**Directions for this task:** Transcribe, exactly and without pictures, the lines below from the line with "190 by 150 cm)" to the line with "日照 | 積雪 | 降雪 |", both ends included, and no others.

**Records from a data source:**
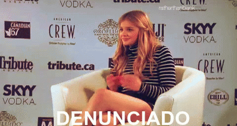 Chloe Moretz giving thumbs up with "Denunciado" meme text overlay, at an event with various brand logos.
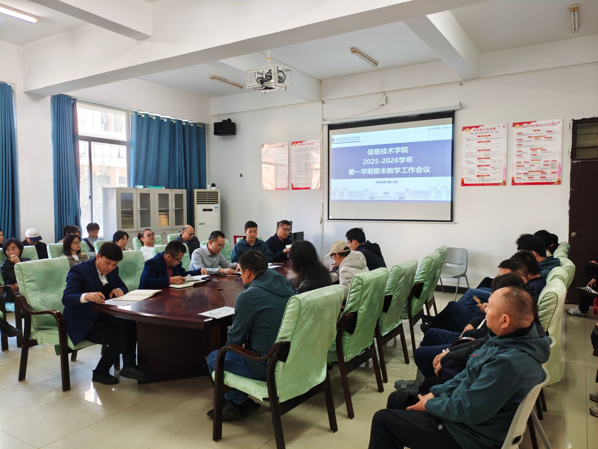 2026年1月12日,信息技术学院在4-213会议室召开2025-2026学年第一学期期末工作会议。会议由学院党总支书记符胜主持,学院党政领导班子成员及全体教职工参会。
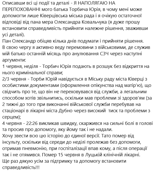 «1 червня батька подали у розшук без відкриття на нього кримінальної справи, 2-3 червня він відвідував міську раду з питанням оформлення опікунства над матірʼю, через цю ж причину у 2023 році його комісували, окрім того, він мав проблеми зі здоровʼям і за два тижні до того під час військового виконання перебував у стаціонарі в лікарні міста Дубно через високий тиск та проблеми з серцем. 4 червня вночі скаржився на сильні болі в голові. У середу ввечері батько викликав швидку і від середи в нього був інсульт, лише у неділю його знайшли, госпіталізували, і він вже перебував у комі, ще тиждень пробув у реанімації і помер. Я знаю, що тато збирав документи, аби комісуватися легально, але ця процедура затягнулася. Зараз я хочу подати клопотання у військову частину, тому що людина, яка прослужила країні, помирає з тавром «СЗЧшника» в чотири дні – це дуже прикро», – пояснює дочка померлого.
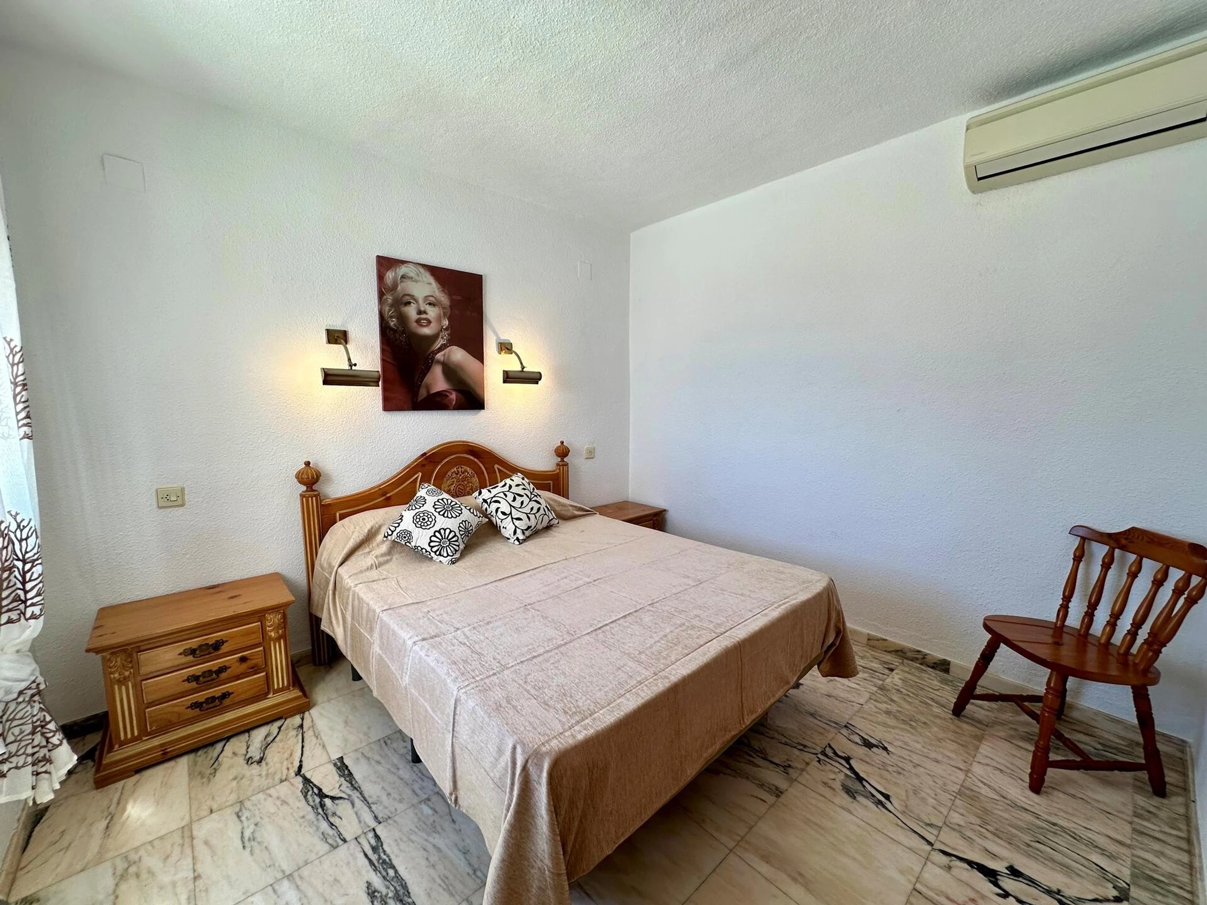 * bedroom with air conditioning and queen size bed (measuring 190 by 150 cm)
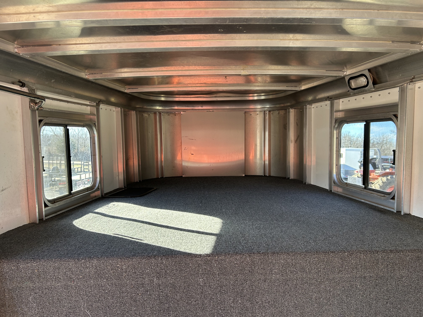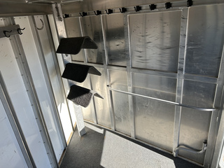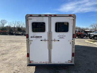 2001 SOONER REVOLUTION 3 HORSE SLANT 5200# AXLES 16” TIRES LR-G FULL SIZE SPARE DOUBLE REAR DOORS, INDEPENDENT W/ CENTER POST FOLD DOWN WINDOWS ON HEAD SIDE, SLIDING WINDOWS ON BUTT SIDE FULL LENGTH RUNNING BOARDS NEW WERM FLOORING EXTERIOR TIE RINGS CARPETED TACK ROOM AND GN 3 SADDLE RACKS, BRIDLE HOOKS AND UTILITY HOOKS IN TACK ROOM
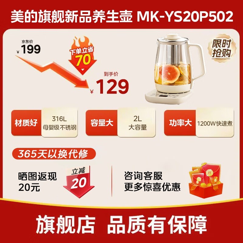 美的养生壶2L大容量精准控温家用电热水壶京东活动价91.15元
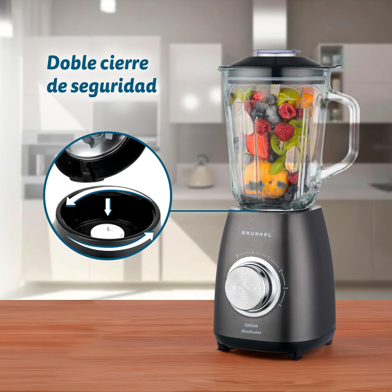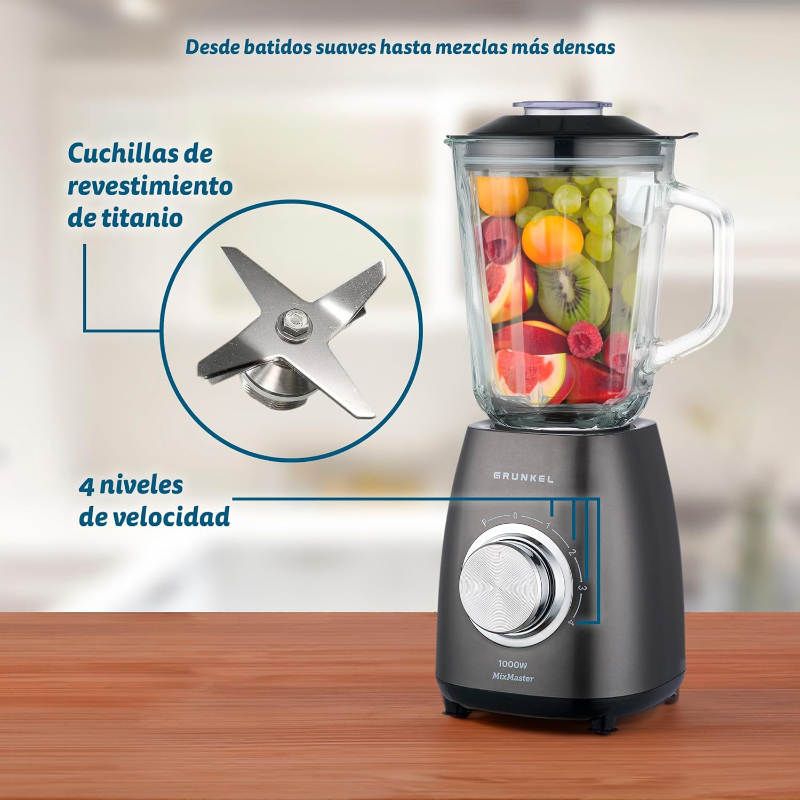 otencia 1000W Capacidad 1,5L Cuchillas con revestimiento de titanio 6 Niveles de velocidad 4 Función Pulse Doble cierre de seguridad Base antideslizante
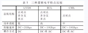 这几种高速逻辑电平在目前都有应用,但它们在总线结构、功率消耗、传输速率、耦合方式等方面都各有特点。为了便于应用比较,现归纳以上三类电平各方面的特点,如表1所列。
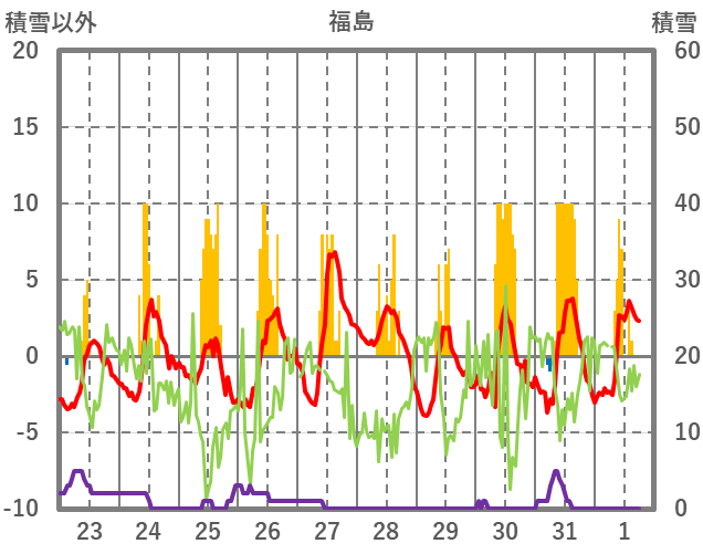 | 日 | 時 | 気温 | 降水 | 風向/風速 | 日照 | 積雪 | 降雪 |
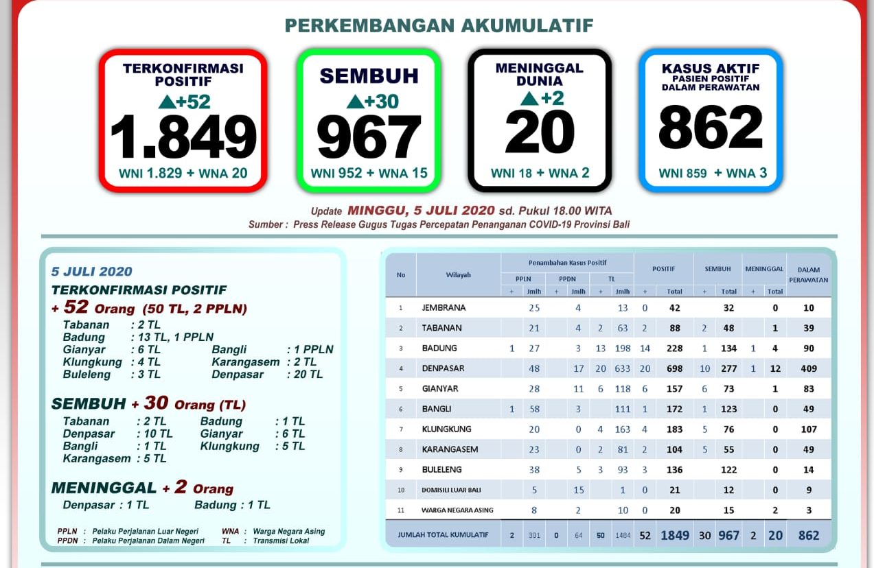 Kota Denpasar secara rutin menjadi penyumbang terbanyak 20 orang TL, disusul Badung 14 orang ( 13 TL dan 1 PPLN), Gianyar 6 TL, Klungkung 4 TL, Buleleng 3 TL, Tabanan 2 TL, Karangasem 2 TL dan Bangli 1 PPLN. Dengan demikian, jumlah kumulatif pasien positif di Bali sebanyak 1.849 orang.
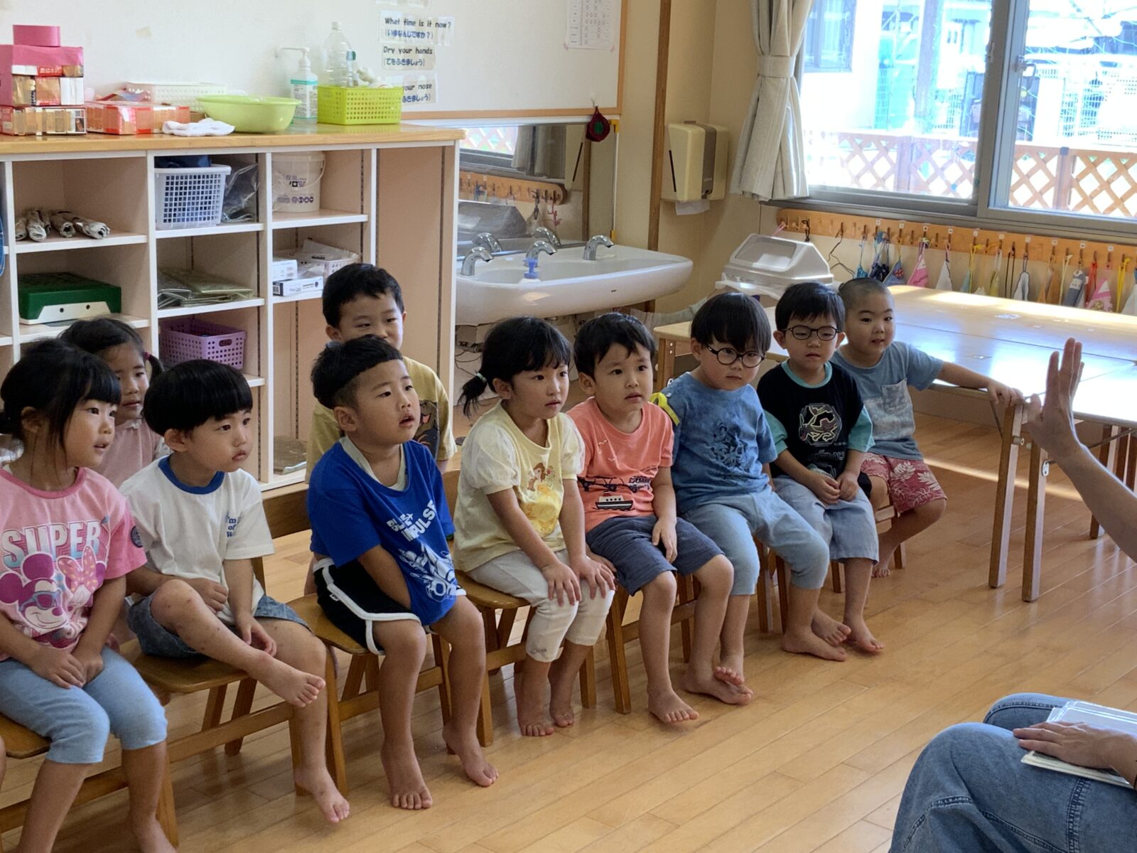 外部講師ようこ先生に英語の本を読んでもらったりしています。
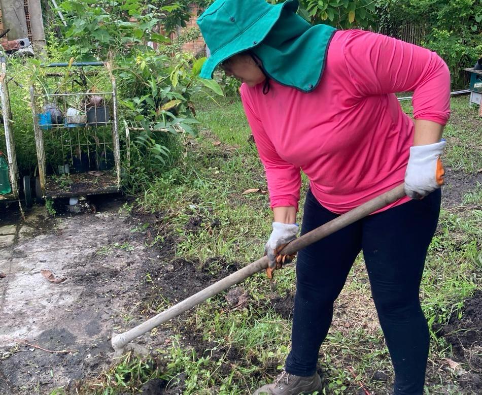 “Eu não sabia nada sobre plantar ou compostagem. Aprendi tudo nas oficinas e hoje tenho um quintal sustentável, com abelhas nativas, frutíferas e plantas medicinais. O que produzo aqui me alimenta, gera renda e ainda ensino outras pessoas sobre educação ambiental”, conta.

**Solution below:**
 * bedroom with air conditioning and queen size bed (measuring 190 by 150 cm)
 2001 SOONER REVOLUTION 3 HORSE SLANT 5200# AXLES 16” TIRES LR-G FULL SIZE SPARE DOUBLE REAR DOORS, INDEPENDENT W/ CENTER POST FOLD DOWN WINDOWS ON HEAD SIDE, SLIDING WINDOWS ON BUTT SIDE FULL LENGTH RUNNING BOARDS NEW WERM FLOORING EXTERIOR TIE RINGS CARPETED TACK ROOM AND GN 3 SADDLE RACKS, BRIDLE HOOKS AND UTILITY HOOKS IN TACK ROOM
 美的养生壶2L大容量精准控温家用电热水壶京东活动价91.15元
 otencia 1000W Capacidad 1,5L Cuchillas con revestimiento de titanio 6 Niveles de velocidad 4 Función Pulse Doble cierre de seguridad Base antideslizante
 这几种高速逻辑电平在目前都有应用,但它们在总线结构、功率消耗、传输速率、耦合方式等方面都各有特点。为了便于应用比较,现归纳以上三类电平各方面的特点,如表1所列。
 | 日 | 時 | 気温 | 降水 | 風向/風速 | 日照 | 積雪 | 降雪 |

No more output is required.